= What you need to do =
Reproduce from the records below, with no pictures, exactly the lines between the one containing "2、燃料种类:本批次纯电动产" and the one containing "Outdoor living is", inclusive.
Exercise inputs: Begin
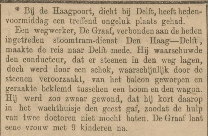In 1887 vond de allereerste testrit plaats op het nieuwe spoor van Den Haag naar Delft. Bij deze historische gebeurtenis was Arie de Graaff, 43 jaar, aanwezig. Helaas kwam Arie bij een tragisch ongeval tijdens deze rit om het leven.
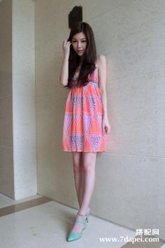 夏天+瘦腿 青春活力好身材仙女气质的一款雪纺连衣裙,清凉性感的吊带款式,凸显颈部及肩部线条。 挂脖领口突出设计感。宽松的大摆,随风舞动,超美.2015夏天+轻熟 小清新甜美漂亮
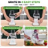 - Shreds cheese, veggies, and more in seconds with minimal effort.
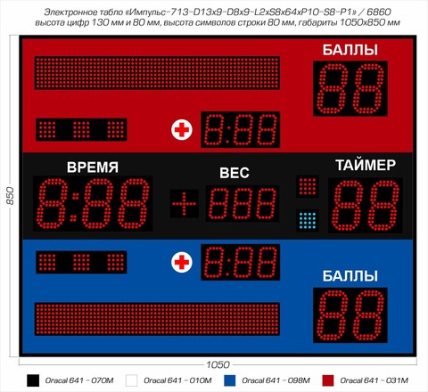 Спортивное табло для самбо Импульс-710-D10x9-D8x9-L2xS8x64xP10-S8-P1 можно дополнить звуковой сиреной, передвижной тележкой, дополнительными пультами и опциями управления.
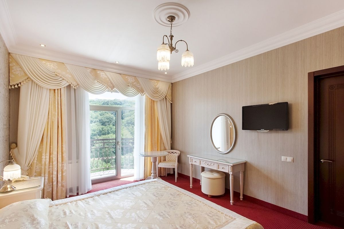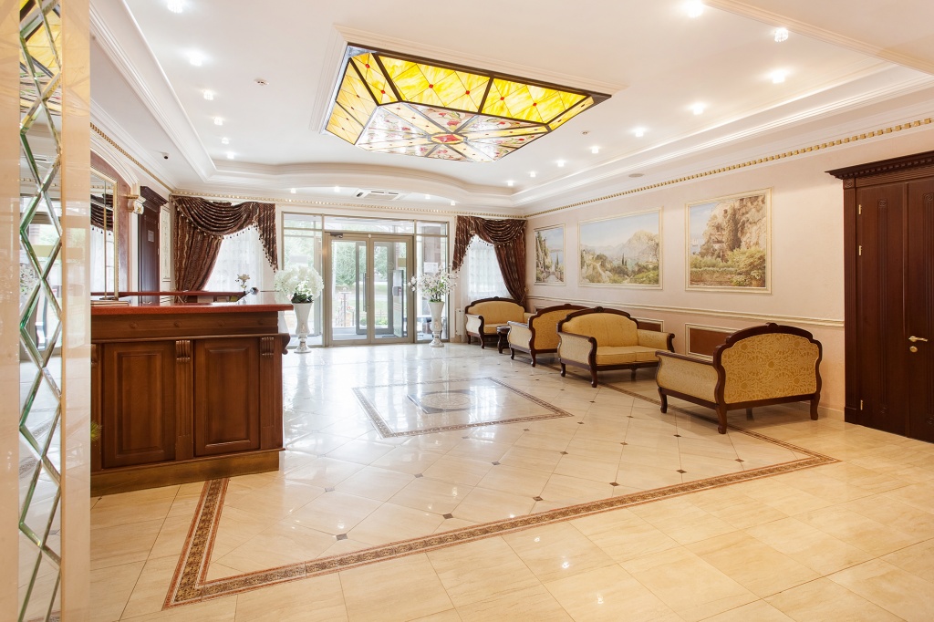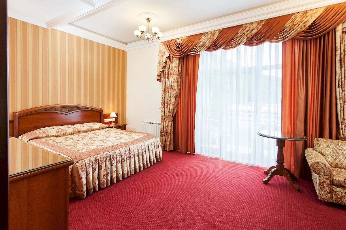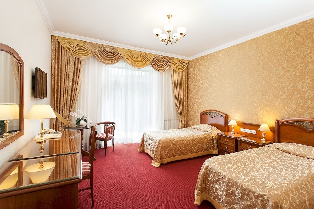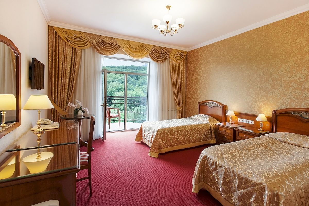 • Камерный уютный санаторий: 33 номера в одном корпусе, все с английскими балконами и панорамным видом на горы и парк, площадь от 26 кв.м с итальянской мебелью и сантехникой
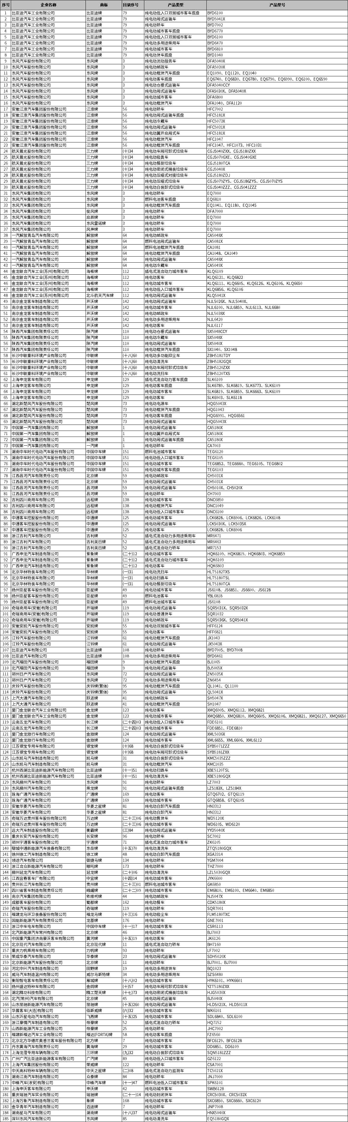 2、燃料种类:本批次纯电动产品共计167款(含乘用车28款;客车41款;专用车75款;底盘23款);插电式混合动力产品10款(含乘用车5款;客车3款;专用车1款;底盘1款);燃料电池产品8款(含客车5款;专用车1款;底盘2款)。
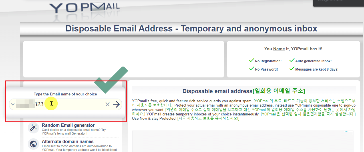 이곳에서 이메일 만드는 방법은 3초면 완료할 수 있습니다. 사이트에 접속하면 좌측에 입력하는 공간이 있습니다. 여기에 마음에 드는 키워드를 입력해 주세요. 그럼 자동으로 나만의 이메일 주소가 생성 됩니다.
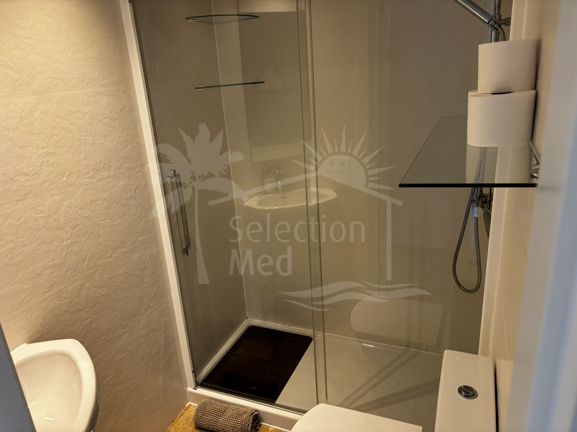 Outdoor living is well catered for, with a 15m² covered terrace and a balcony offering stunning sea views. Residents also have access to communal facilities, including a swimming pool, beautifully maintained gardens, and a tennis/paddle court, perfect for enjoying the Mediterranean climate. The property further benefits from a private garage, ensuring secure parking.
Exercise inputs: End
Exercise inputs: Begin
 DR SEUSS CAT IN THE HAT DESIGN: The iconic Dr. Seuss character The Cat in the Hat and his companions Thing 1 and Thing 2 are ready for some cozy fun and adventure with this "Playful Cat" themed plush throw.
Exercise inputs: End
= The answer =
 2、燃料种类:本批次纯电动产品共计167款(含乘用车28款;客车41款;专用车75款;底盘23款);插电式混合动力产品10款(含乘用车5款;客车3款;专用车1款;底盘1款);燃料电池产品8款(含客车5款;专用车1款;底盘2款)。
 이곳에서 이메일 만드는 방법은 3초면 완료할 수 있습니다. 사이트에 접속하면 좌측에 입력하는 공간이 있습니다. 여기에 마음에 드는 키워드를 입력해 주세요. 그럼 자동으로 나만의 이메일 주소가 생성 됩니다.
 Outdoor living is well catered for, with a 15m² covered terrace and a balcony offering stunning sea views. Residents also have access to communal facilities, including a swimming pool, beautifully maintained gardens, and a tennis/paddle court, perfect for enjoying the Mediterranean climate. The property further benefits from a private garage, ensuring secure parking.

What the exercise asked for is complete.